_PROBLEM TO WORK ON_:
Set down the data below word for word, and leave the images aside.

_Records from a data source_:

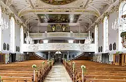 II/P | 21 | Im historischen Prospekt aus der Zeit um 1810; 1985 neobarocker Umbau und Erweiterung auf 23 Register durch Krätzer, Nürnberg; 2012 Restaurierung und weitgehende Rückführung in den Originalzustand durch Klais (Opus 1906) → Orgel | ||||||||
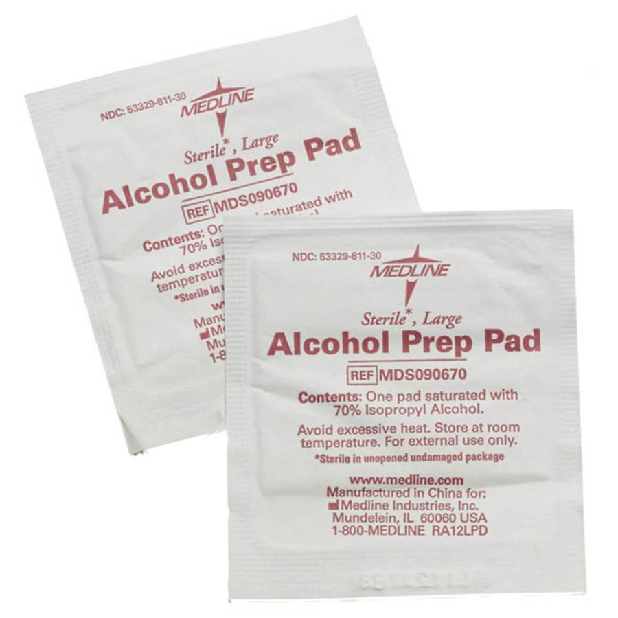 Soft, absorbent, nonwoven pads are saturated with 70% isopropyl alcohol, USP
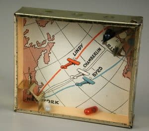 Other toys remind us of less-familiar history. A 1927 dexterity puzzle recalls that pilots Clarence Chamberlin and Richard Byrd intended to race Lindbergh from New York to Paris and compete for the $25,000 cash prize, but both were each delayed by unforeseen events. Chamberlin became the second pilot to fly across the Atlantic, but do any of us remember that today? Meanwhile, Parker Brothers brought out its own version of “We,” a game in which players move metal airplanes between “landing strips” by means of magnets on strings.
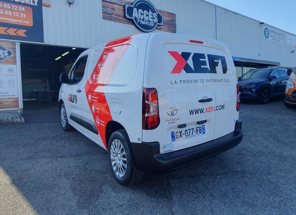 Réalisation d’un covering partiel sur le nouveau véhicule de cette société spécialisée dans la vente et la maintenance de matériel informatique. Ce décor a été décliné sur toute la flotte de véhicules et réalisé par nos soins.
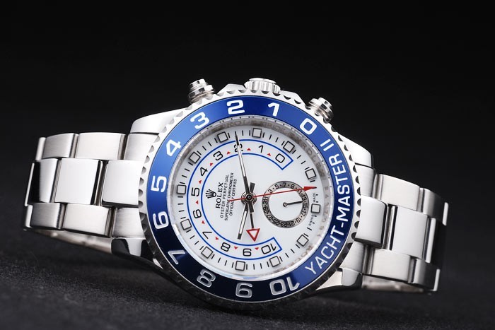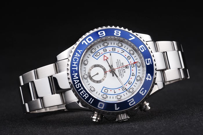 Bezel: Polished stainless steel unidirectional cutwork bezel with 1 to 10 markings and Yacht Master engraving on a blue enameled background
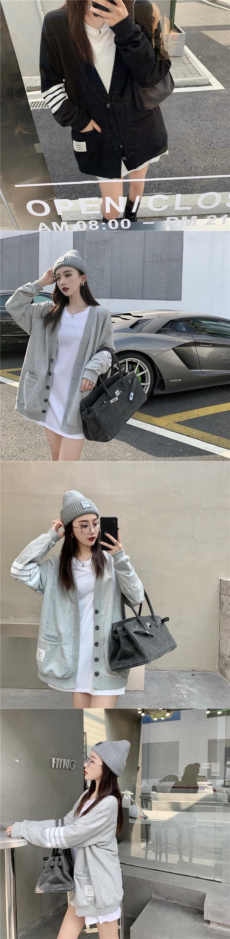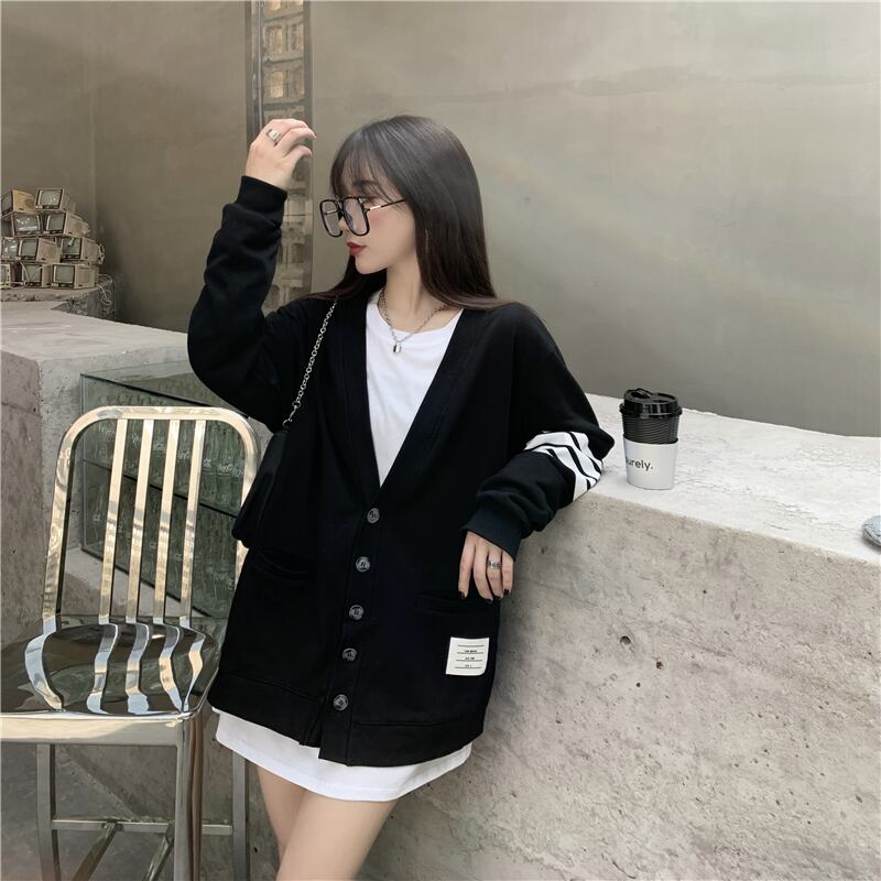 ブラックルーズストライプ長袖セーターカーディガンジャケットレディース2020秋新作インタイドバージョンのワイルドトップ ブラックストロベリース49078380371
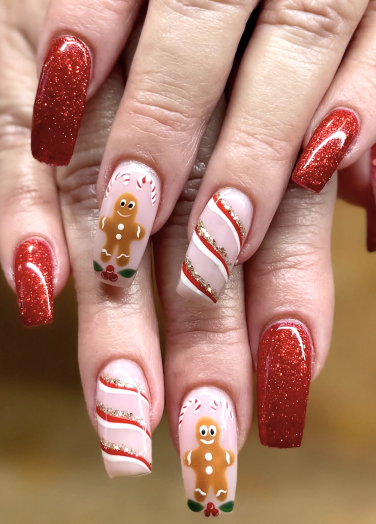 These gingerbread cuties are pure holiday joy — the kind of nails that instantly bring back the smell of cookies baking and peppermint steam rising from a mug. The crisp red glitter, candy-cane swirls, and perfectly iced little gingerbread people feel playful but polished.

_ANSWER SPACE_:
 II/P | 21 | Im historischen Prospekt aus der Zeit um 1810; 1985 neobarocker Umbau und Erweiterung auf 23 Register durch Krätzer, Nürnberg; 2012 Restaurierung und weitgehende Rückführung in den Originalzustand durch Klais (Opus 1906) → Orgel | ||||||||
 Soft, absorbent, nonwoven pads are saturated with 70% isopropyl alcohol, USP
 Other toys remind us of less-familiar history. A 1927 dexterity puzzle recalls that pilots Clarence Chamberlin and Richard Byrd intended to race Lindbergh from New York to Paris and compete for the $25,000 cash prize, but both were each delayed by unforeseen events. Chamberlin became the second pilot to fly across the Atlantic, but do any of us remember that today? Meanwhile, Parker Brothers brought out its own version of “We,” a game in which players move metal airplanes between “landing strips” by means of magnets on strings.
 Réalisation d’un covering partiel sur le nouveau véhicule de cette société spécialisée dans la vente et la maintenance de matériel informatique. Ce décor a été décliné sur toute la flotte de véhicules et réalisé par nos soins.
 Bezel: Polished stainless steel unidirectional cutwork bezel with 1 to 10 markings and Yacht Master engraving on a blue enameled background
 ブラックルーズストライプ長袖セーターカーディガンジャケットレディース2020秋新作インタイドバージョンのワイルドトップ ブラックストロベリース49078380371
 These gingerbread cuties are pure holiday joy — the kind of nails that instantly bring back the smell of cookies baking and peppermint steam rising from a mug. The crisp red glitter, candy-cane swirls, and perfectly iced little gingerbread people feel playful but polished.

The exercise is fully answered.